- Kolkhozashen / Arpaduzu
- Coordinates: 39°45′07″N 46°57′04″E﻿ / ﻿39.75194°N 46.95111°E
- Country: Azerbaijan
- • District: Khojavend

Population (2015)
- • Total: 241
- Time zone: UTC+4 (AZT)

= Kolkhozashen =

Kolkhozashen (Կոլխոզաշեն) or Arpaduzu (Arpadüzü) is a village located in the Khojavend District of Azerbaijan, in the region of Nagorno-Karabakh. Until 2023 it was controlled by the breakaway Republic of Artsakh. The village had an ethnic Armenian-majority population until the expulsion of the Armenian population of Nagorno-Karabakh by Azerbaijan following the 2023 Azerbaijani offensive in Nagorno-Karabakh.

== History ==
During the Soviet period, the village was a part of the Martuni District of the Nagorno-Karabakh Autonomous Oblast.

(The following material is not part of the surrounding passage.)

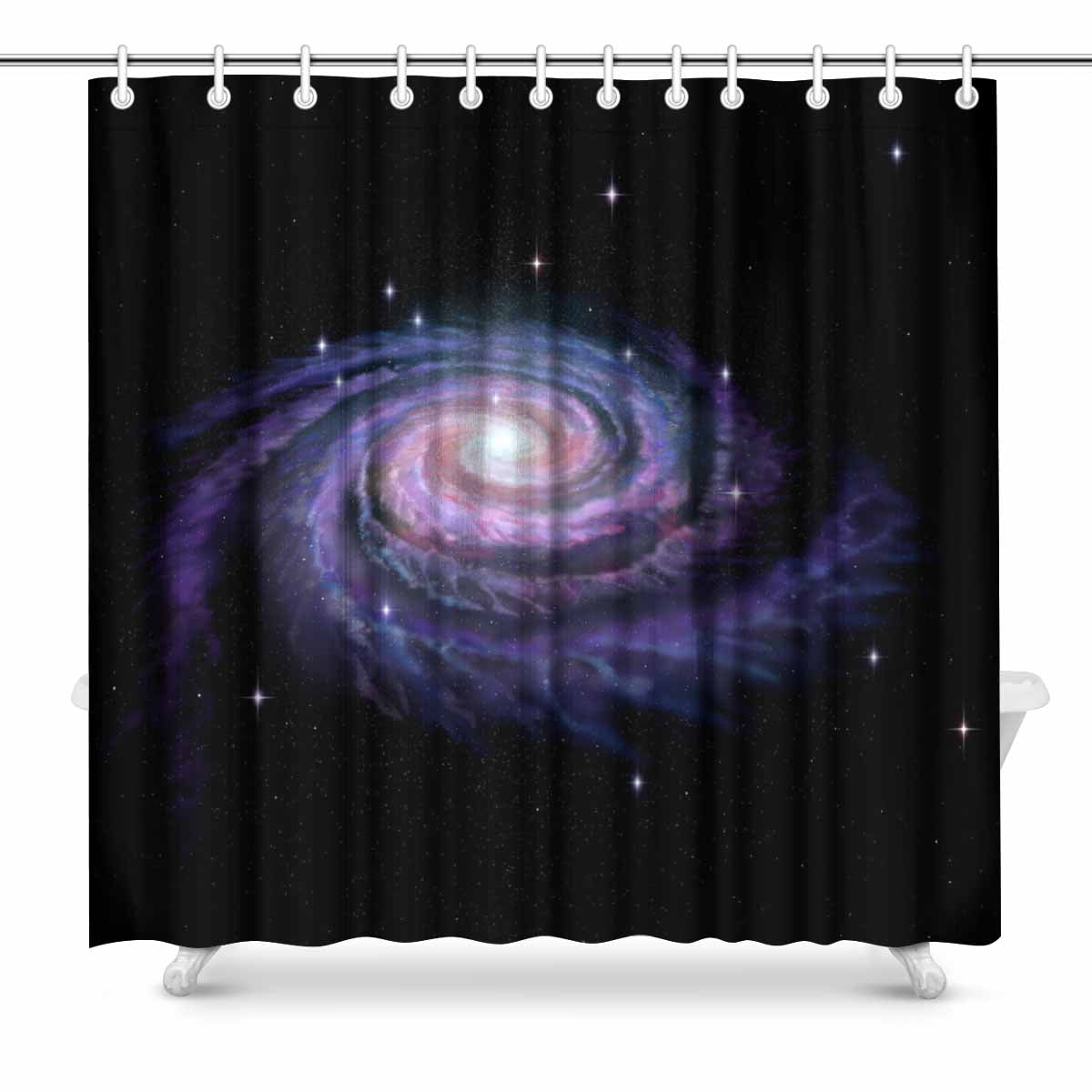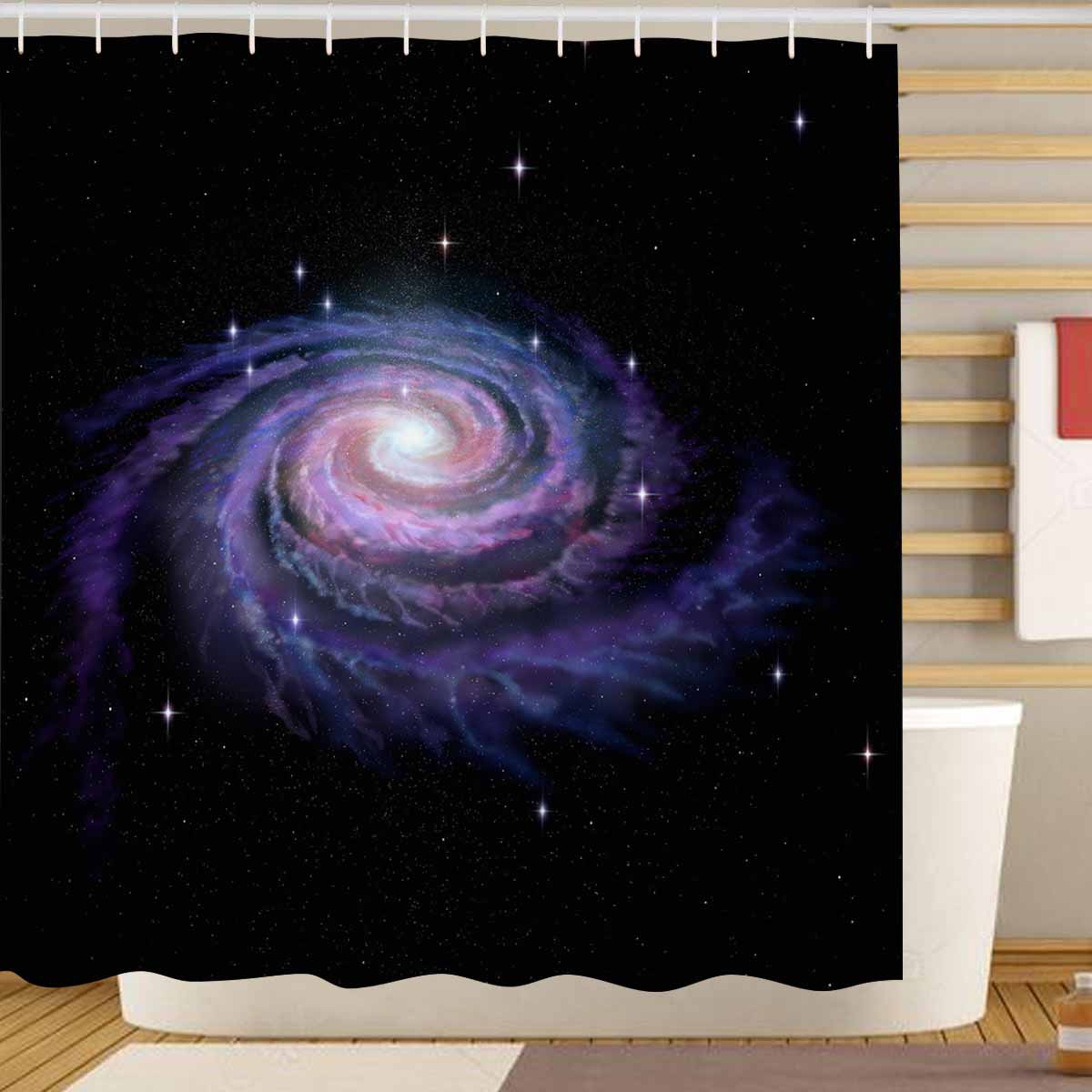 Galaxy themed print on shower curtains for bathroom, create a brilliant atmosphere in your bathroom, include a selection of different stylish and custom-made designs for your bath decoration.

== Historical heritage sites ==
Historical heritage sites in and around the village include khachkars from between the 15th and 17th centuries, a 17th/18th-century village, an 18th/19th-century cemetery, and the 19th-century church of Surb Astvatsatsin (Սուրբ Աստվածածին, lit. 'Holy Mother of God').

== Economy and culture ==
The population is mainly engaged in agriculture and animal husbandry. As of 2015, the village has a municipal building, a house of culture, a secondary school, and a medical centre.

== Demographics ==
The village has an ethnic Armenian-majority population, had 309 inhabitants in 2005, and 241 inhabitants in 2015.